Verwerkingsopdracht
2 Literatuur
Nadat ik beide fragmenten van de boeken had gelezen, ben ik
voor mezelf nagegaan welk verhaal het meeste indruk op mij had gemaakt. Die
keus was duidelijk: met stipt het fragment uit ‘Een schitterend gebrek’ van
Arthur Japin. Ik vind dat dit komt doordat de schrijver voor een
ik-vertelinstantie heeft gekozen.
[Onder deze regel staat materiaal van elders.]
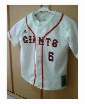 憧れのユニフォーム、おじいちゃんの野球観戦時のお土産です。今年のユニフォームはアディダス製値段は1万数千円だとか うーん自分も欲しい。
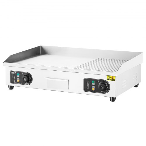VEVOR Piastra Elettrica Commerciale, Piastra Half-Flat Top da 4400 W, Temperatura Regolabile 50 - 300°C, 73 x 40 x 1 cm Piastra in Acciaio Inossidabile con 2 Pale 2 Spazzole per la Casa Ristorante
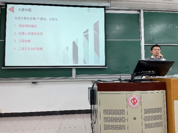 借此机会,肖华平老师还为大家介绍了关于北京市大学生工程实践与创新能力大赛的相关情况。北京市大学生工程实践与创新能力大赛包括智能物料搬运、机器人仿真工程知识竞赛等4个赛项,肖华平老师对4个赛项做了具体的解读,为学生参赛作出了指导。
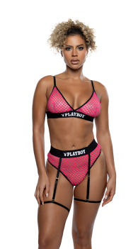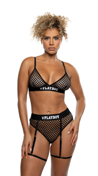 Barely-there texture. Bold Playboy edge. The Playboy Fishnet Plunge Bra and Garter Thong Set delivers a sleek, body-framing fit with classic fishnet and a deep plunge neckline that puts confidence front and center. Logo-print elastic adds iconic contrast, while the attached garter straps bring a flirty, after-dark finish. Finished with a thong back, this set is fearless, flattering, and made to be seen.
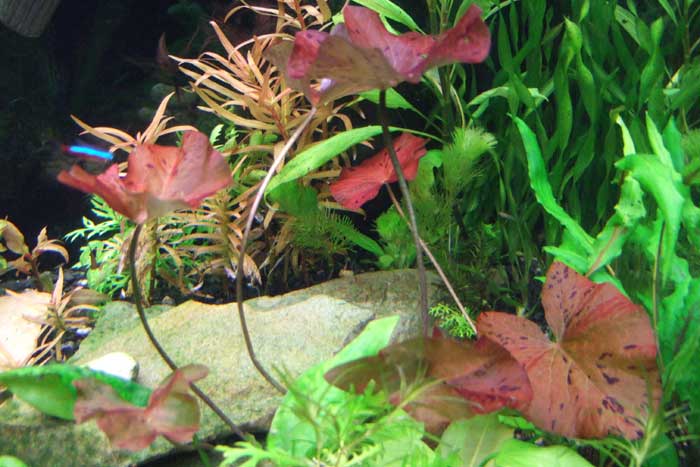 Вода - мерзкая оболонская, фильтр - внешник Sera 1300, дополнительной аэрации нет. Подкормка - глиняные шарики GBL. Грунт - гранитная и базальтовая крошка. Освещение - 6 ламп по 36-40 Вт. УФ - Атман 9 Вт. Температура - 27 С. Остальное - в профиле

Als ik de fragmenten vergelijk, merk ik dat
de confrontatie bij ‘Een schitterend gebrek’ veel groter is dan bij de
auctoriale vertelinstantie in het fragment van ‘De schilder en het meisje’. Vanaf
regel 1 werd ik het verhaal ingezogen en leefde ik mee met de hoofdpersoon Lucia.
Waar het fragment van ‘De schilder en het meisje’ van Margriet de Moor meer op
de vlakte bleef, kreeg je bij het fragment van Arthur Japin verschillende lagen
van het verhaal mee. Lucia leeft met een gebrek en probeert hier zo goed
mogelijk mee om te gaan. Door de ik-vertelinstantie duik je in het leven van
Lucia en kijk je door haar ogen naar haar situatie. In deze barre tijd is zij
wanhopig op zoek naar een inkomen dat ervoor kan zorgen dat zij de volgende dag
nog in leven is. Ik vind ook dat in het verhaal van Margriet de Moor de
opvattingen van mij als lezer over de personages en de gebeurtenissen in het
verhaal te veel worden gestuurd. In het andere fragment kun jij als lezer meer
zelf bepalen en je eigen mening vormen over wat er gebeurd. Je ziet wel alles
vanuit de ogen van Lucia, maar toch heb je meer de vrijheid tijdens het lezen.
De ik-vertelinstantie geeft mijn voorkeur.